Tentato omicidio per il marito che solleva la moglie stringendola per il collo (Corte di Cassazione, Sezione I Penale, Sentenza 7 dicembre 2023, n. 48845).

REPUBBLICA ITALIANA

In nome del Popolo Italiano

LA CORTE SUPREMA DI CASSAZIONE

PRIMA SEZIONE PENALE

Composta da:

Dott. GIACOMO ROCCHI – Presidente –

Dott. GIUSEPPE SANTALUCIA – Consigliere –

Dott. STEFANO APRILE – Consigliere –

Dott. MARCO MARIA MONACO – Consigliere –

Dott. MARIA ELENA MELE – Relatore –

ha pronunciato la seguente

SENTENZA

suI ricorso proposto da:

(omissis) (omissis) nato a (omissis) il xx/xx/19xx;

avverso la sentenza del 20/09/2022 della CORTE APPELLO di BRESCIA;

visti gli atti, il provvedimento impugnato e il ricorso;

udita la relazione svolta dal Consigliere Dott.ssa MARIA ELENA MELE;

lette le conclusioni del Sostituto Procuratore generale, Dott.ssa MARIELLA DE MASELUS, che ha concluso chiedendo il rigetto del ricorso.

Ritenuto in fatto

1. La Corte d’appello di Brescia, confermando la sentenza del Tribunale della stessa città, ha ritenuto (omissis)(omissis) colpevole del delitto di tentato omicidio della moglie e di maltrattamenti in famiglia, condannandolo alla pena di dieci anni di reclusione, oltre al risarcimento del danno nei confronti delle parti civili costituite.

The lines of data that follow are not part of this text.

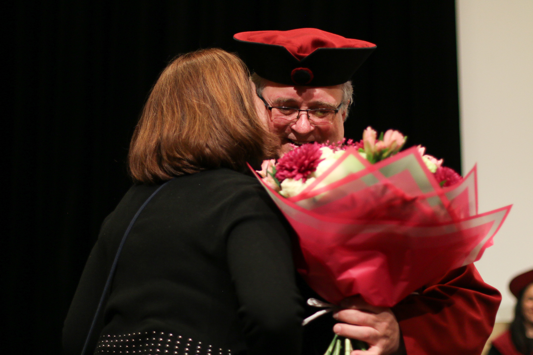 „Technické univerzitě chci popřát úspěch. A novému vedení v čele s rektorem Kocourkem, ať vás v životě buď nikdy nepotká porážka, nebo kdyby, tak aby byla tak slabá, že ji dokážete překonat a pokračovat ve své práci dál,“ popřál docent Brzezina. Poděkoval také všem spolupracovníkům a vyzdvihl podporu své rodiny. Na pódium pozval svoji ženu Danielu.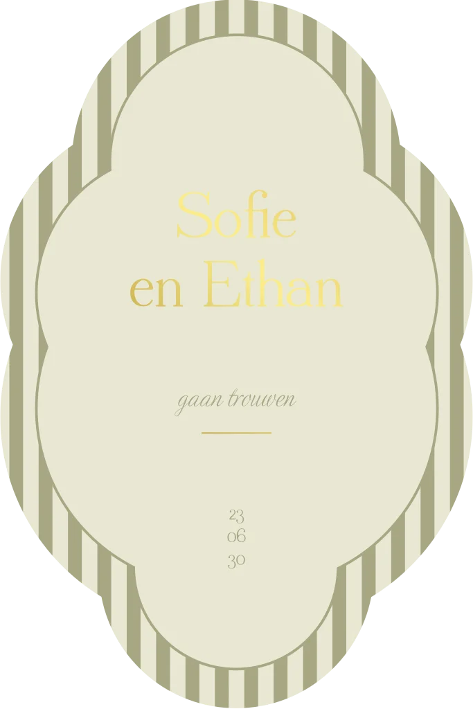 Originele trouwkaart in aparte vorm met luxe goudfolie. Deze groene trouwkaart heeft een klassiek ontwerp met strepen en kader. De goudfolie geeft een luxe glans en zal, samen met de bijzondere vorm, zeker opvallen. Een unieke trouwkaart voor een bijzondere dag. Pas de teksten, kleuren en lettertypes naar je eigen smaak aan in de editor. Bestel van te voren een proefdruk met een sample setje zodat je het kaartje in het echt kan bewonderen.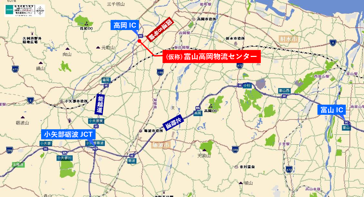 本センターは、能越自動車道「高岡インターチェンジ」から約1.3kmに位置しており、北陸自動車道を経由することで、富山県富山市や石川県金沢市、福井県福井市への配送拠点などとして活用できます。また、北陸自動車道と東海北陸自動車道の結節点となる「小矢部砺波ジャンクション」まで約15km(車で約15分)圏内のため、中京圏や近畿圏との広域配送にも優れた立地です。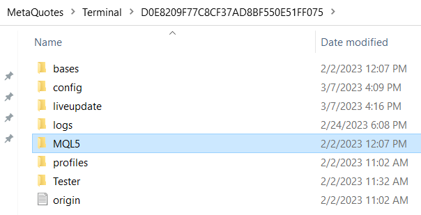 2. 데이터 폴더에서 MQL5 파일을 연 후 대상 폴더를 선택합니다.
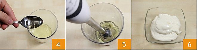enfin une cuillère de vinaigre 4 ou de citron. Plongez le mixeur plongeant dans le verre 5 et mixez les ingrédients à vitesse moyenne jusqu'à ce que le mélange épaississe ; cela prendra quelques secondes. Transférez la fausse mayonnaise sans œufs dans un petit bol 6 et servez-la à vos invités ! Rappelez-vous qu'en gardant les mêmes proportions, vous pouvez également utiliser du lait entier à la place du lait de soja et de l'huile d'olive à la place de l'huile de tournesol.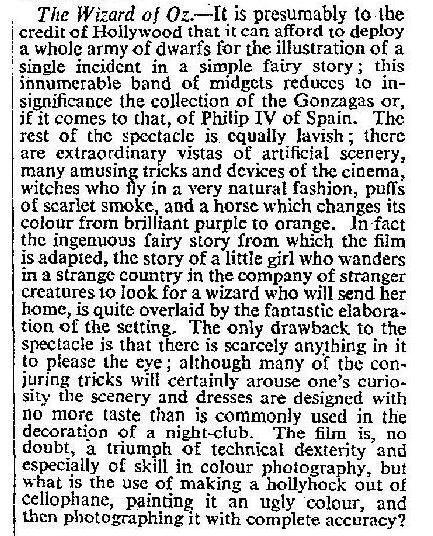 Wizard of Oz premiered #onthisday in 1939. @thetimes reviewer didn’t think much of Technicolor… bit of a fad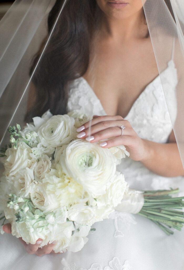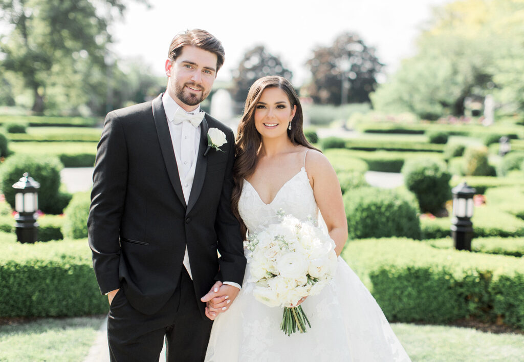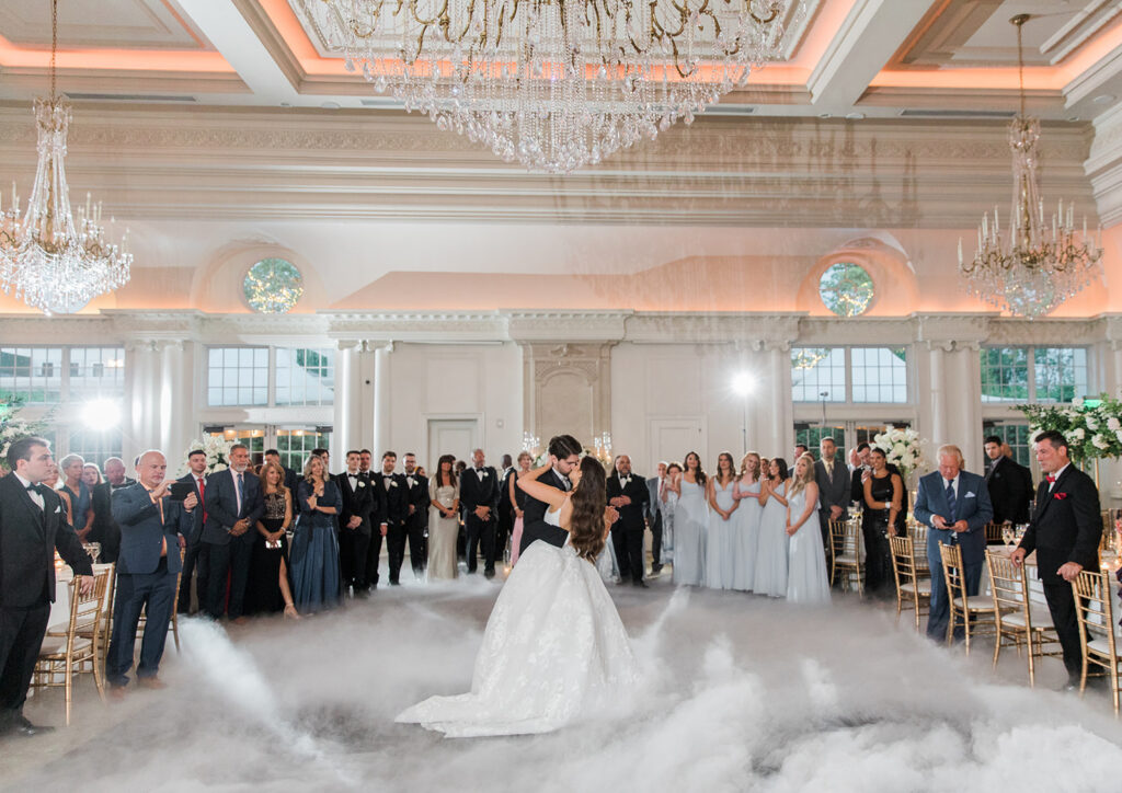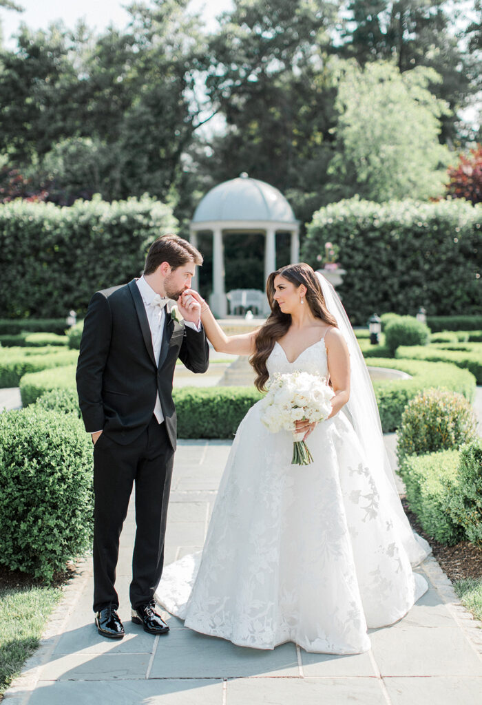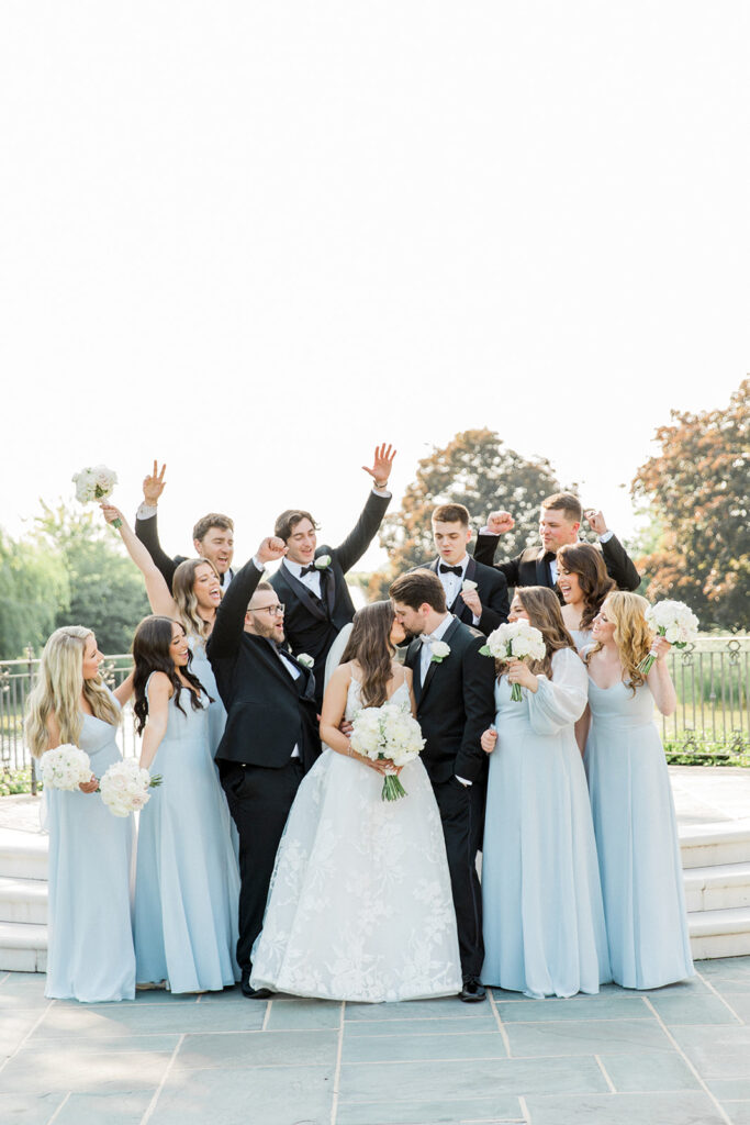 “Our wedding day, June 2, 2023, was the most magical day of our lives,” says Geena. “The overall vision I had for the day was extremely romantic. Candles everywhere, warm lighting in the ballroom, white and blush florals, rose petals and beautiful ivy cascading from our centerpieces. My bouquet was so beautifully made and included the most plush peonies I had ever seen, white ranunculus, and roses. As for our bridal party, I wanted them in Jenny Yoo dresses in the shade Whisper Blue. It was such a perfect spring wedding shade, and they absolutely glowed outside in the gardens and during the reception! Our groomsmen looked incredible in their black tuxedos from Biltmore tuxedos in Ridgewood. Our guests entered the ceremony to a violinist, which I always knew was a huge detail I wanted to have for our ceremony. It added such a romantic feel to that moment. At the end of our wedding, we had French fry bar set up for our guests to grab a late night snack! It was such hit, and people are still talking about the sweet potato fries!”

Risulta dalla sentenza che alle ore 18.25 del {omissis) aveva chiesto l’intervento dei carabinieri in quanto il marito aveva tentato di strangolarla.

Dalle dichiarazioni rese dalla donna e confermate dal figlio minore, rese nel corso delle indagini preliminari e quindi confermate in incidente probatorio, che era intervenuto in aiuto della madre, il (omissis) aveva afferrato la donna per il collo, l’aveva spinta contro il muro e, esercitando una pressione crescente, l’aveva sollevata da terra, provocandone l’offuscamento delta vista e una momentanea perdita di conoscenza. L’azione era stata interrotta dall’intervento del figlio che aveva afferrato le braccia del padre e lo aveva indotto a lasciare la presa. Dal referto del pronto soccorso era risultato che (omissis) presentava in regione laterocervicale quattro aree ecchimotiche di circa 5 cm x 1 cm.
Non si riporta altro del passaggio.